§ **Task directions**
Every line below is to be set down again exactly; any image stays out.

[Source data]

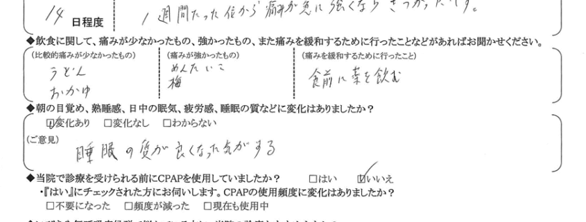 Q.日中の眠気や疲労感、睡眠の質に変化はありましたか?
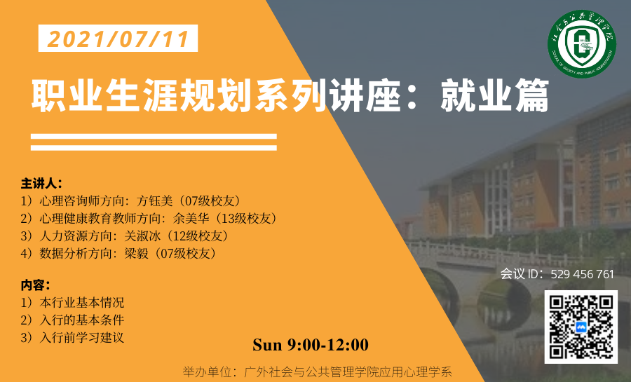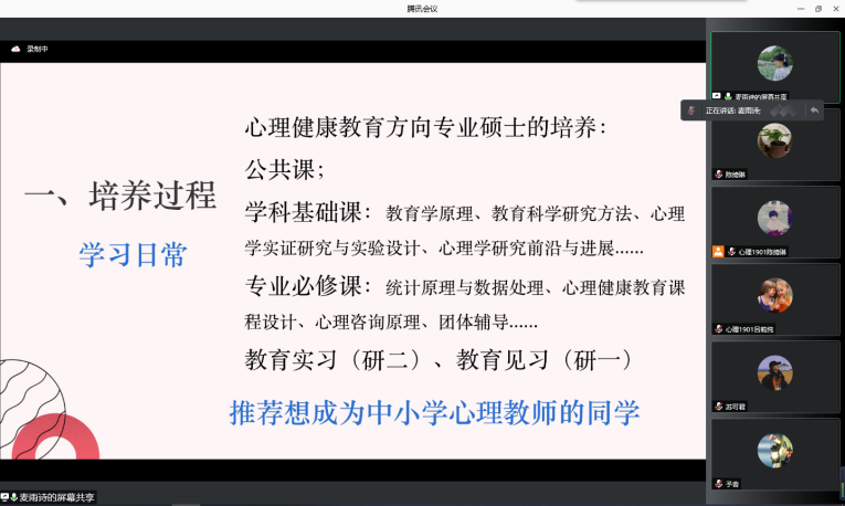 2021年7月11日上午9点,英国正版365官方网站应用心理学系师生通过腾讯会议召开了应用心理学系职业生涯规划系列讲座(三):就业篇。会议由学生代表应用心理学2018级戴琦昕主持。英国正版365官方网站张信勇副院长、应用心理学专业全体研究生和本科学生参加了此次讲座。
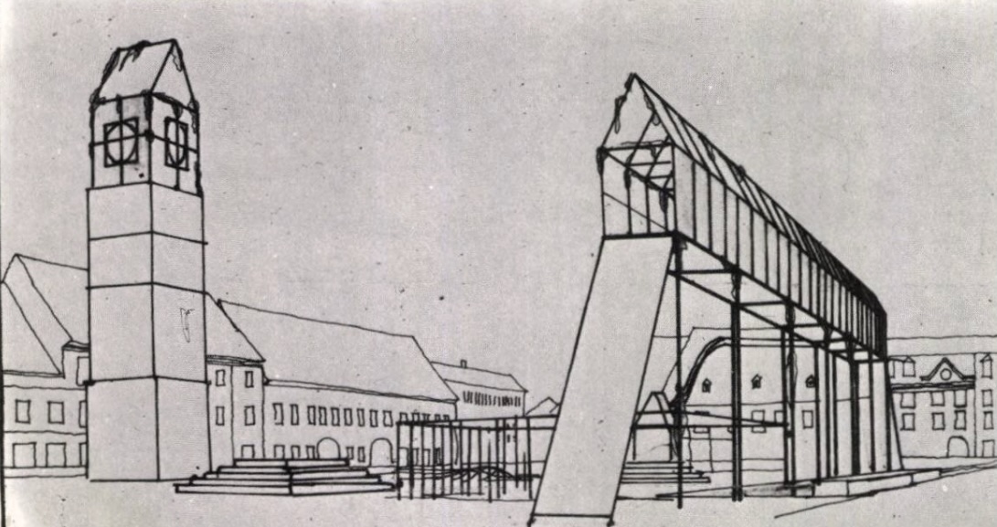 Proiectul care a primit premiul al II-lea propunea construcția unui turn în centrul Pieței Mari.
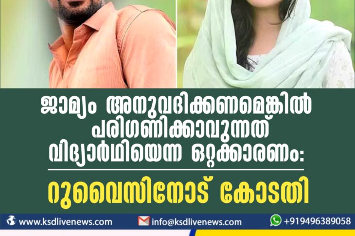 കേരളം ജാമ്യം അനുവദിക്കണമെങ്കിൽ പരിഗണിക്കാവുന്നത് വിദ്യാർഥിയെന്ന ഒറ്റക്കാരണം: റുവൈസിനോട് കോടതിDecember 20, 2023
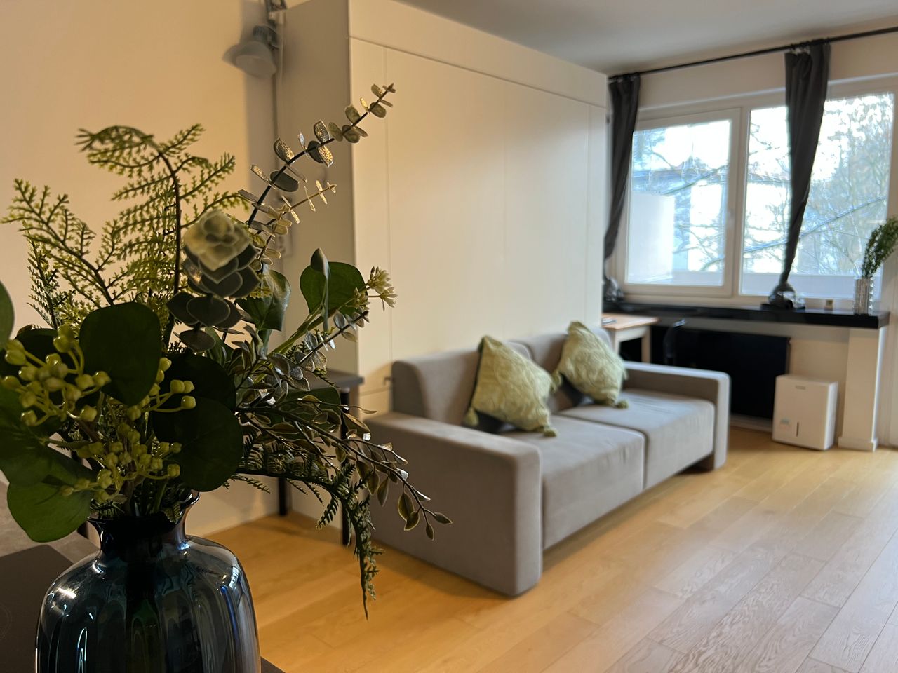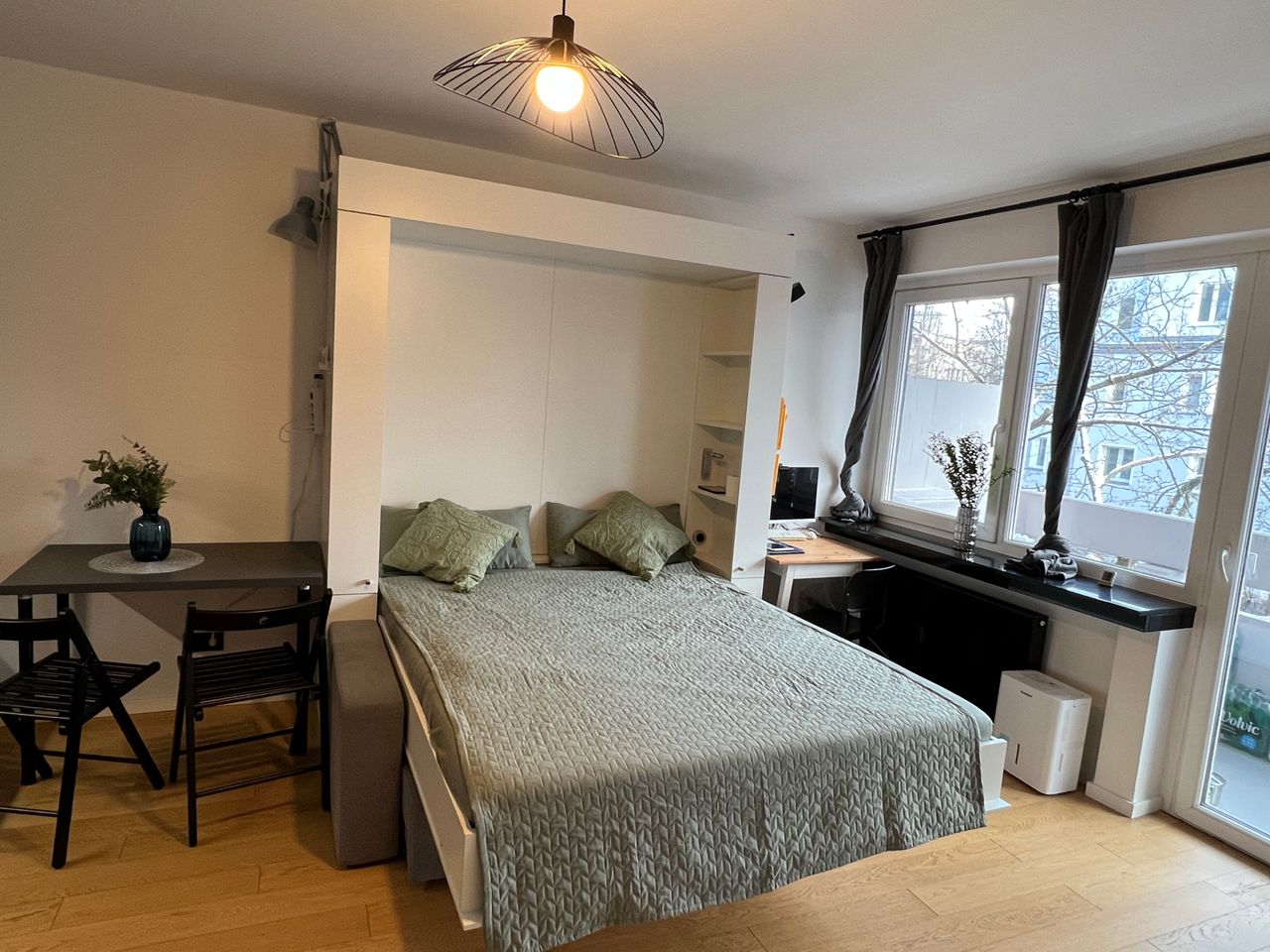 Studio-appartement met panoramisch balkon en volledig uitgeruste keuken en badkamer.
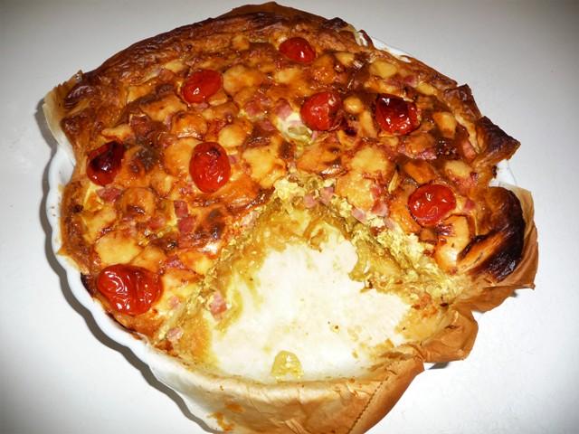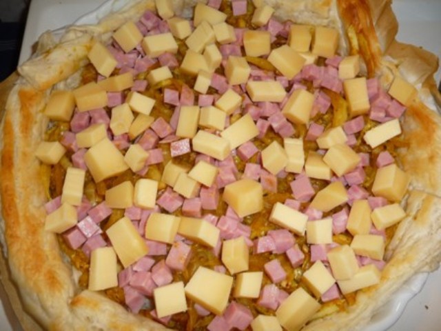 - De oven voorverwarmen op 200°C, bladerdeeg in de vorm doen (met bakpapier) en de bodem alvast +/- 10 minuutjes voorbakken, dit voorkomt een kleffe bodem.
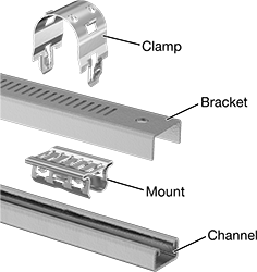 PVC-coated steel channel has mild corrosion resistance. Its coating reduces slipping and won’t mar attachments.
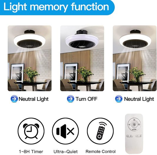 Ceiling Fan with Lights and Remote Control, Modern Enclosed Bladeless Ceiling Fan, Dimmable 3 Color 3 Speeds Timing, Indoor Flush Mount Low Profile Fan for Kids Room Bedroom Living Room
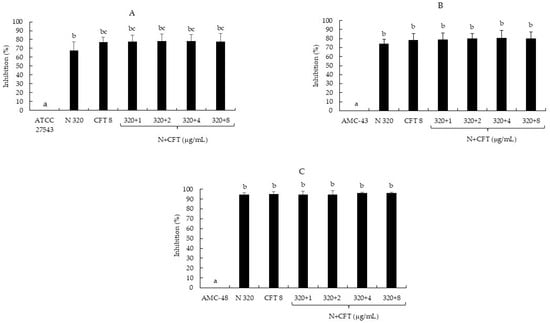 According to the classification of Stepanović et al. [20], the strain ATCC 27543 and isolate AMC-43 were classified as moderate biofilm producers (++), whereas isolate AMC-48 was considered a strong biofilm producer (+++) (Table 4). Regarding the effect of N, CFT, and N + CFT combinations on biofilm synthesis, all treatments inhibited the synthesis of this virulence factor in the three pathogenic bacteria evaluated, compared to the untreated controls (p ≤ 0.05) (Figure 1A–C). The inhibition percentage ranged from 67.8 to 95.9% among the three bacteria. However, no differences were observed in the inhibition of most combinations of N + CFT and individual treatments of N and CFT. These results show that it was not possible to detect an enhancing effect of N on CFT inhibiting biofilm synthesis. Nevertheless, one noteworthy aspect is that all treatments inhibited the synthesis of biofilm, which was additionally reflected in the recategorization of the bacteria as follows: S. aureus ATCC 27543 was reclassified from a moderate (OD = 0.29) to a weak producer (OD = 0.06); AMC-43 from a moderate (OD = 0.25) to a non-producer (OD = 0.05); and AMC-48 from a strong (OD = 1.28) to a weak producer (OD = 0.06) (Table 4).
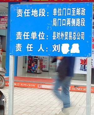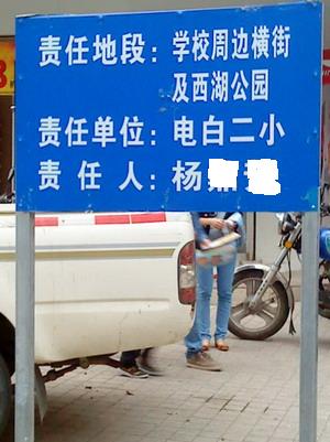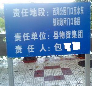 在水东多条街道路边树立着一块块铁牌匾,正面写着各行企事单位字样:正面写着责任地段:xxx,责任单位:xxx,责任人:xxx,而背面则写着:讲文明,除陋习,爱[洁,从我做起,电白是我家,[洁靠大家......等字词,这是什么概念,是否是包干到户?
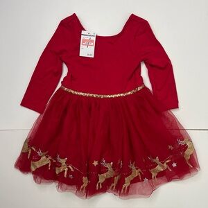 Zunie Christmas Red Glitter Reindeer Long Sleeve Dress Size 4 NWT
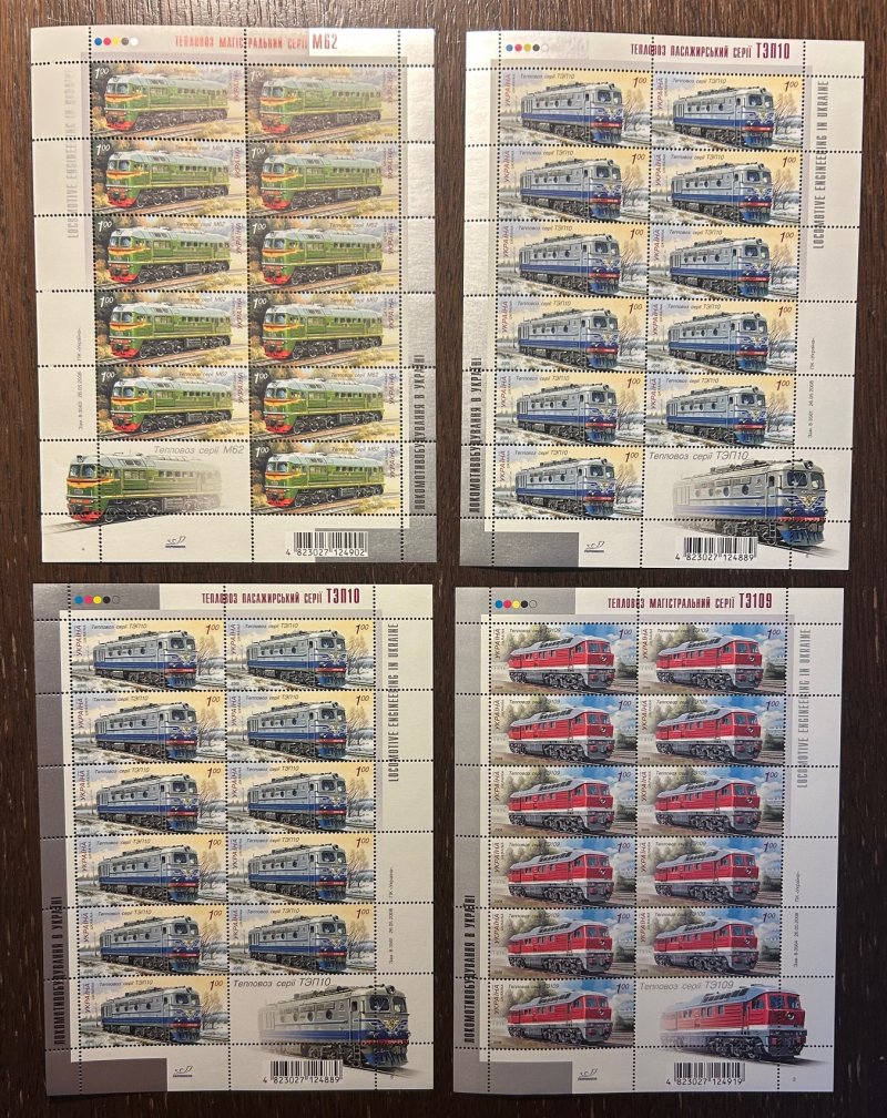 Ukraine 2008 Railway locomotives Trains Set of 4 stamps with labels MNH
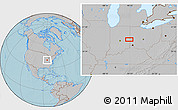 Maphill is a collection of map images. This image combines a gray map with the globe centered on the area around 39° 57' 6" N, 84° 55' 30" W. Use the buttons under the image to switch to different map types.
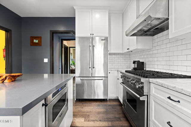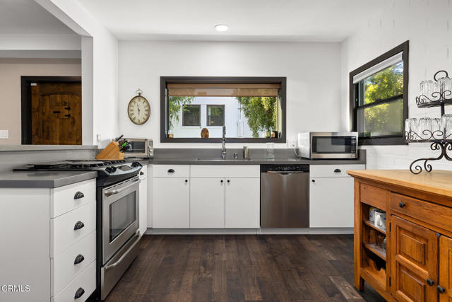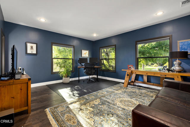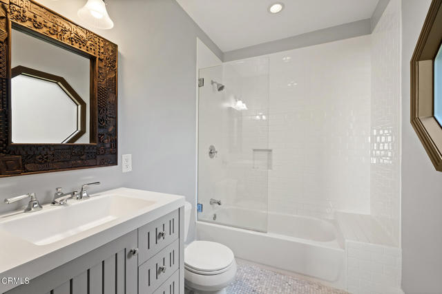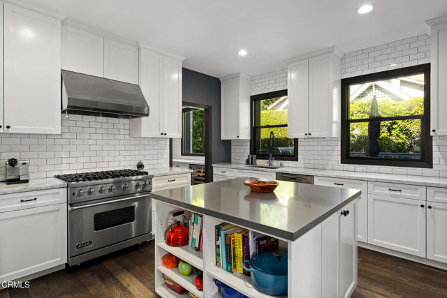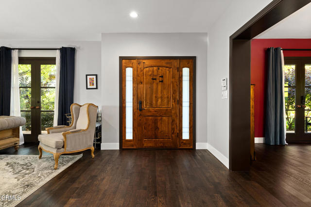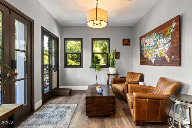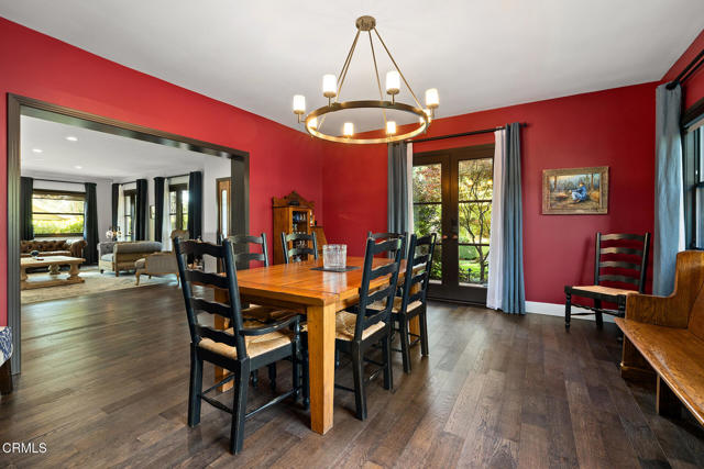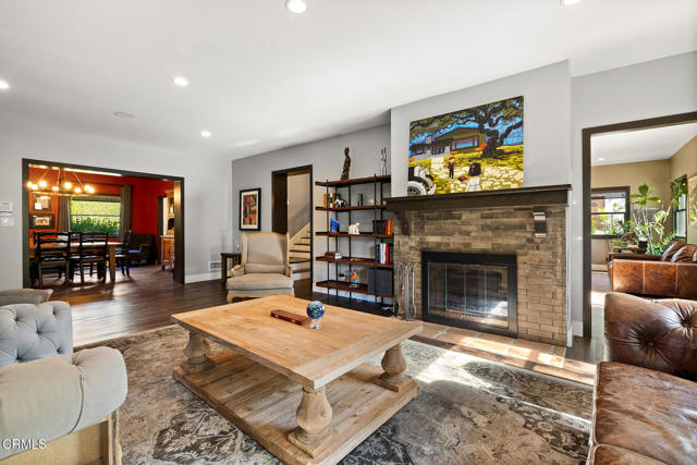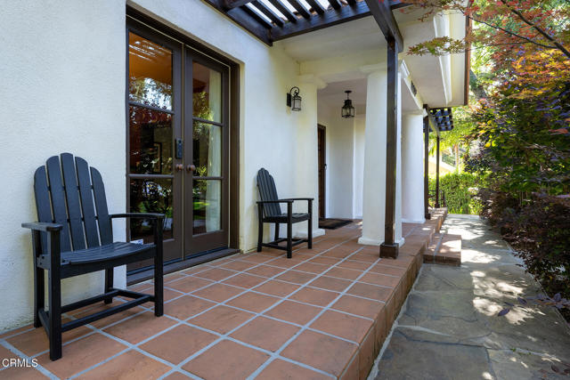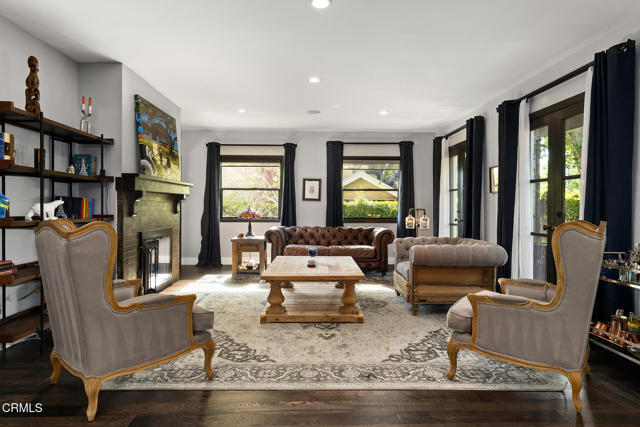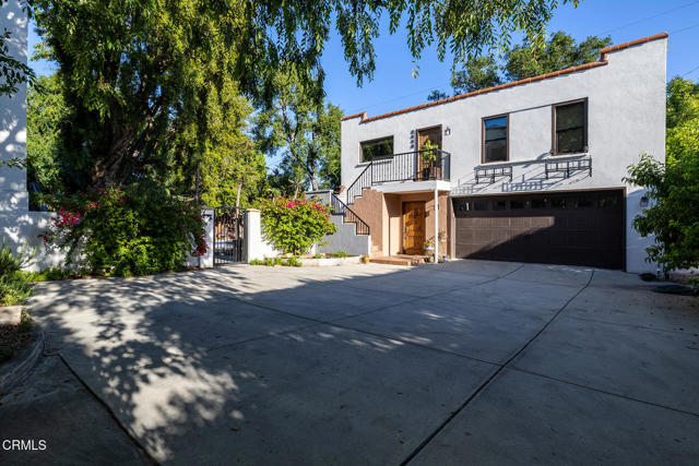 A hidden sanctuary of elegance and privacy, this exceptional gated compound is set on meticulously landscaped grounds and offers a rare opportunity for the discerning buyer. A mini-estate which includes three distinct residences: a stately 4-bedroom, 3.5-bath main home with a spacious family room, a well-appointed 2-bedroom, 1-bath guest house, and an inviting 1-bedroom pool house. The main home is filled with generous proportions throughout and welcomes you with a wide front porch. Inside you'll find a grand formal living room with fireplace, an elegant dining room, and an expansive family room with a second fireplace. The main level is designed for entertaining, featuring a cook's kitchen appointed with marble counters, an oversized center island, a 6-burner Viking stove, butler's pantry, walk-in pantry, and a separate breakfast area. A large guest bath and a laundry room with utility sink and additional storage complete the main level. A wide wooden staircase leads to a large central landing and a nook with built-in bench seating and storage. The primary suite is extremely spacious with a walk-in closet and a luxurious bath with marble hex tiles, dual vanity sink, a free-standing soaking tub, and oversized glass-enclosed shower. Down the hall are 2 oversized bedrooms that share a jack-and-jill bath, along with an additional bedroom suite featuring a double-door entry and private bath. The outdoor spaces are truly exceptional and enhanced with multiple French doors, a flagstone patio and multiple decks, a pool and spa, outdoor fire pit, and outdoor shower. The pool house offers a kitchenette, dedicated bath, and bedroom. Above the 2-car garage and pool house sits a spacious 2-bedroom, 1-bath guest house with its own full kitchen. Additional storage can be found in the massive walk-in basement. Multiple fruit trees and mature landscaping lead you down the long driveway to the motor court and garage area. This expansive compound is a rare opportunity to enjoy elegant multi-residence living in a serene, resort like setting.

§ **Finished exercise**
 Q.日中の眠気や疲労感、睡眠の質に変化はありましたか?
 2021年7月11日上午9点,英国正版365官方网站应用心理学系师生通过腾讯会议召开了应用心理学系职业生涯规划系列讲座(三):就业篇。会议由学生代表应用心理学2018级戴琦昕主持。英国正版365官方网站张信勇副院长、应用心理学专业全体研究生和本科学生参加了此次讲座。
 Proiectul care a primit premiul al II-lea propunea construcția unui turn în centrul Pieței Mari.
 കേരളം ജാമ്യം അനുവദിക്കണമെങ്കിൽ പരിഗണിക്കാവുന്നത് വിദ്യാർഥിയെന്ന ഒറ്റക്കാരണം: റുവൈസിനോട് കോടതിDecember 20, 2023
 Studio-appartement met panoramisch balkon en volledig uitgeruste keuken en badkamer.
 - De oven voorverwarmen op 200°C, bladerdeeg in de vorm doen (met bakpapier) en de bodem alvast +/- 10 minuutjes voorbakken, dit voorkomt een kleffe bodem.
 PVC-coated steel channel has mild corrosion resistance. Its coating reduces slipping and won’t mar attachments.
 Ceiling Fan with Lights and Remote Control, Modern Enclosed Bladeless Ceiling Fan, Dimmable 3 Color 3 Speeds Timing, Indoor Flush Mount Low Profile Fan for Kids Room Bedroom Living Room
 According to the classification of Stepanović et al. [20], the strain ATCC 27543 and isolate AMC-43 were classified as moderate biofilm producers (++), whereas isolate AMC-48 was considered a strong biofilm producer (+++) (Table 4). Regarding the effect of N, CFT, and N + CFT combinations on biofilm synthesis, all treatments inhibited the synthesis of this virulence factor in the three pathogenic bacteria evaluated, compared to the untreated controls (p ≤ 0.05) (Figure 1A–C). The inhibition percentage ranged from 67.8 to 95.9% among the three bacteria. However, no differences were observed in the inhibition of most combinations of N + CFT and individual treatments of N and CFT. These results show that it was not possible to detect an enhancing effect of N on CFT inhibiting biofilm synthesis. Nevertheless, one noteworthy aspect is that all treatments inhibited the synthesis of biofilm, which was additionally reflected in the recategorization of the bacteria as follows: S. aureus ATCC 27543 was reclassified from a moderate (OD = 0.29) to a weak producer (OD = 0.06); AMC-43 from a moderate (OD = 0.25) to a non-producer (OD = 0.05); and AMC-48 from a strong (OD = 1.28) to a weak producer (OD = 0.06) (Table 4).
 在水东多条街道路边树立着一块块铁牌匾,正面写着各行企事单位字样:正面写着责任地段:xxx,责任单位:xxx,责任人:xxx,而背面则写着:讲文明,除陋习,爱[洁,从我做起,电白是我家,[洁靠大家......等字词,这是什么概念,是否是包干到户?
 Zunie Christmas Red Glitter Reindeer Long Sleeve Dress Size 4 NWT
 Ukraine 2008 Railway locomotives Trains Set of 4 stamps with labels MNH
 Maphill is a collection of map images. This image combines a gray map with the globe centered on the area around 39° 57' 6" N, 84° 55' 30" W. Use the buttons under the image to switch to different map types.
 A hidden sanctuary of elegance and privacy, this exceptional gated compound is set on meticulously landscaped grounds and offers a rare opportunity for the discerning buyer. A mini-estate which includes three distinct residences: a stately 4-bedroom, 3.5-bath main home with a spacious family room, a well-appointed 2-bedroom, 1-bath guest house, and an inviting 1-bedroom pool house. The main home is filled with generous proportions throughout and welcomes you with a wide front porch. Inside you'll find a grand formal living room with fireplace, an elegant dining room, and an expansive family room with a second fireplace. The main level is designed for entertaining, featuring a cook's kitchen appointed with marble counters, an oversized center island, a 6-burner Viking stove, butler's pantry, walk-in pantry, and a separate breakfast area. A large guest bath and a laundry room with utility sink and additional storage complete the main level. A wide wooden staircase leads to a large central landing and a nook with built-in bench seating and storage. The primary suite is extremely spacious with a walk-in closet and a luxurious bath with marble hex tiles, dual vanity sink, a free-standing soaking tub, and oversized glass-enclosed shower. Down the hall are 2 oversized bedrooms that share a jack-and-jill bath, along with an additional bedroom suite featuring a double-door entry and private bath. The outdoor spaces are truly exceptional and enhanced with multiple French doors, a flagstone patio and multiple decks, a pool and spa, outdoor fire pit, and outdoor shower. The pool house offers a kitchenette, dedicated bath, and bedroom. Above the 2-car garage and pool house sits a spacious 2-bedroom, 1-bath guest house with its own full kitchen. Additional storage can be found in the massive walk-in basement. Multiple fruit trees and mature landscaping lead you down the long driveway to the motor court and garage area. This expansive compound is a rare opportunity to enjoy elegant multi-residence living in a serene, resort like setting.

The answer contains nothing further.